Disparate, le secteur l’est aussi dans la diversité des activités elles-mêmes. Les entreprises d’architecture sont les plus nombreuses (24,5% du nombre total d’entreprises des industries créatives), suivies par le sous-secteur des «arts» (22,9%) et de la publicité (17,9%). Avec seulement 211 établissements, l’audiovisuel est le sous-secteur qui compte le moins d’entreprises en activité (9,4% des entreprises des industries créatives). Sur un an, le nombre d’entreprises reste stable (+0,1% en 2015 par rapport à l’année précédente), mais il affiche une progression de +10,9% sur la période 2008-2015, soit une croissance moyenne de +1,6% par an. Croissance aussi dans le nombre d’emplois, qui a progressé de +3,1% de 2014 à 2015 et plus encore, de +5,4% sur la période 2008-2015. Cependant, l’emploi dans les industries créatives a progressé moins rapidement que l’emploi intérieur, qui affiche un taux de croissance de +16,3% au cours de la même période. Après des années significatives de baisse (-22,7% de 2008 à 2013), le chiffre d’affaires global des industries créatives est en hausse de +21% entre 2013 et 2015, totalisant près d’un milliard d’euros, signe d’un rebond important de l’activité économique du secteur. Malgré ce renversement de tendance, les industries créatives représentent toujours moins de 1% du chiffre d’affaires total des services marchands (non financiers).

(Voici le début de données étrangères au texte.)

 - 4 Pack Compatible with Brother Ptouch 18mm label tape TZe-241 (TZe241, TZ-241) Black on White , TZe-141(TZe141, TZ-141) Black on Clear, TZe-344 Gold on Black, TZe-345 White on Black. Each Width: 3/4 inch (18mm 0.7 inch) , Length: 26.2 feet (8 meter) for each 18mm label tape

Mais c’est la valeur ajoutée au coût des facteurs qui illustre la création de richesse des entreprises du secteur. En 2015, les industries créatives ont généré un total cumulé de 406 millions de valeur ajoutée, soit une contribution de près de 1% à la valeur ajoutée de l’ensemble de l’économie luxembourgeoise. 

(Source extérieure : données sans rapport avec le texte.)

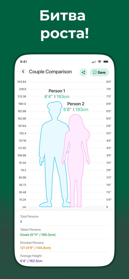 Это приложение для сравнения роста показывает результаты в сантиметрах, футах и наглядных графиках, помогая ясно понять различия в росте.

Les industries créatives présentaient un taux moyen de valeur ajoutée de 42% en 2015, soit un taux nettement supérieur au taux moyen de l’ensemble des services marchands (non financiers), qui est de 14%, mais inférieur au taux global moyen des activités de services administratifs et de soutien (62%). 

Il sera évidemment intéressant d’observer cette évolution sur les dernières années, 2015-2017, celles où il a été le plus question d’industries créatives dans les discours politiques, les aides à l’investissement et la création du cluster.